Given material:
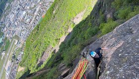 Il Cielo Sopra Bolzano - das ist steiles Plaisriklettern mitten im Trad-Klettergebiet der Seitner Wände. Routen mit Rissen gibt es an den Seitner Wänden viele, nur eine ist aber dermaßen gut abgesichert, dass sie eigentlich gar nicht zu den anderen Klemmkeilrouten passt. Gerade deshalb ist die Route vor den Vorhang zu stellen - klassisches Rissklettern über 8 Seillängen, das ganze perfekt abgesicherte, wo gibt es das schon!
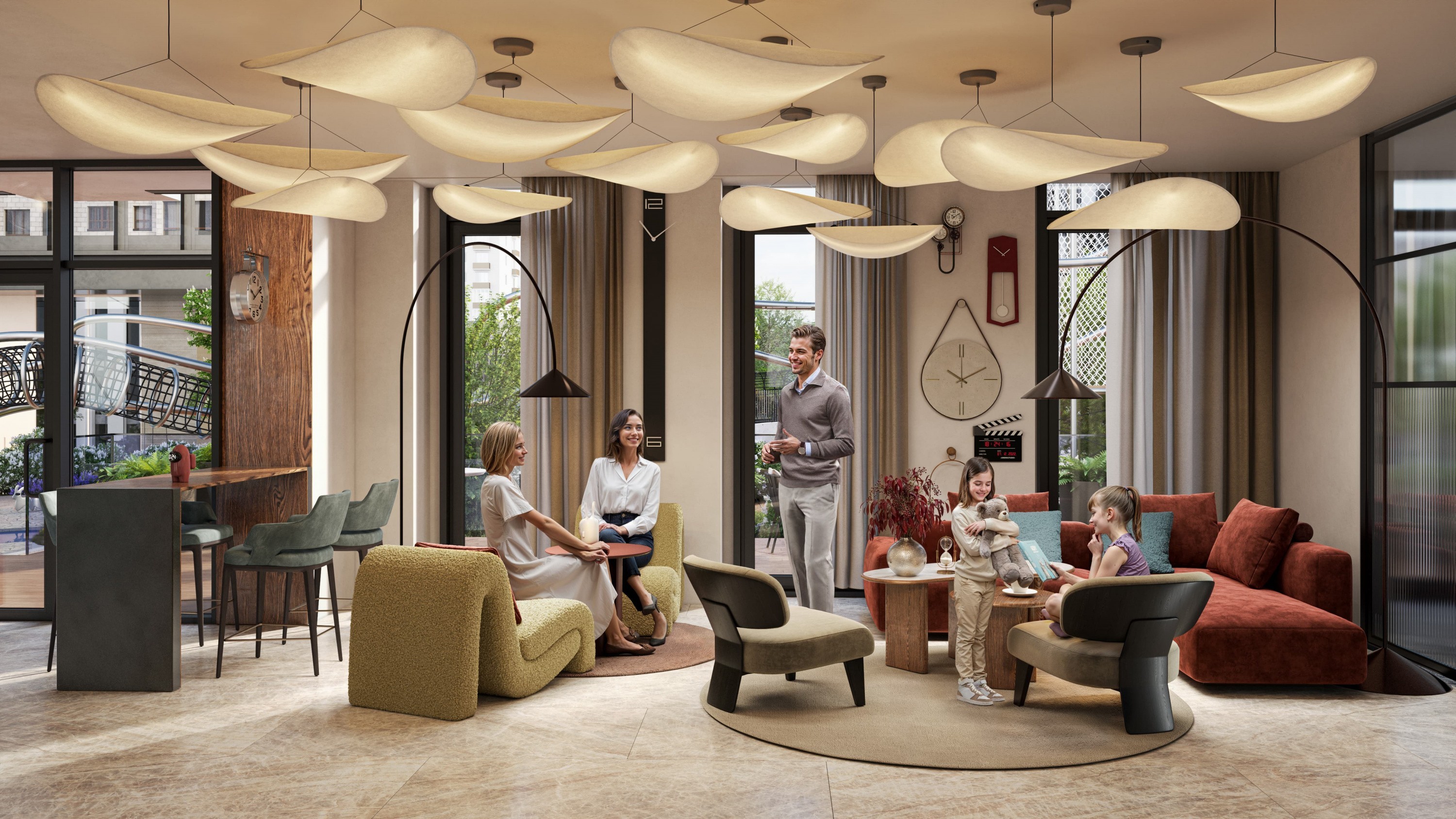 Клубная гостиная с террасой на крыше, где в уютном пространстве можно отдохнуть, поработать, выпить кофе, встретиться и пообщаться с соседями.
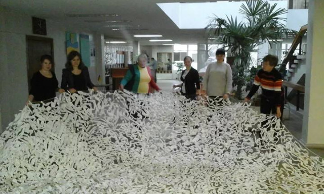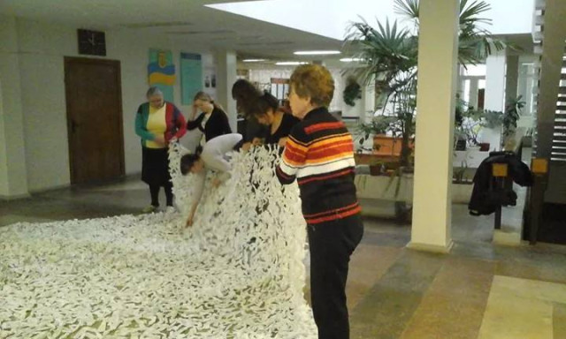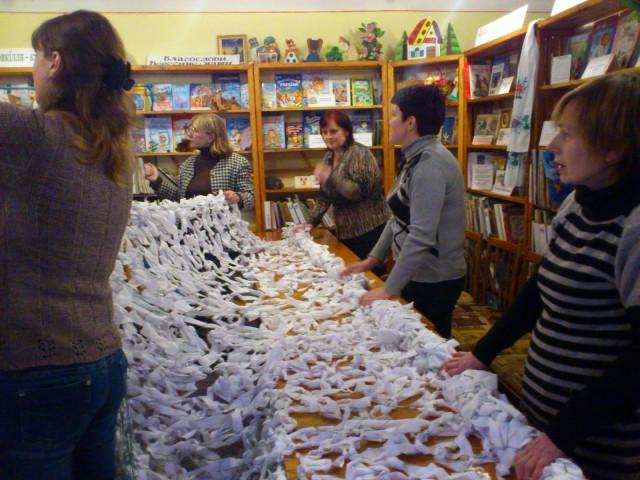 Бібліотекарі Волині сплели «рекордну» маскувальну сітку

Action item: Ignoring the pictures, write out word for word the lines from the line containing "Клубная гостиная с" through the end of the material above.

Reply to the exercise:
 Клубная гостиная с террасой на крыше, где в уютном пространстве можно отдохнуть, поработать, выпить кофе, встретиться и пообщаться с соседями.
 Бібліотекарі Волині сплели «рекордну» маскувальну сітку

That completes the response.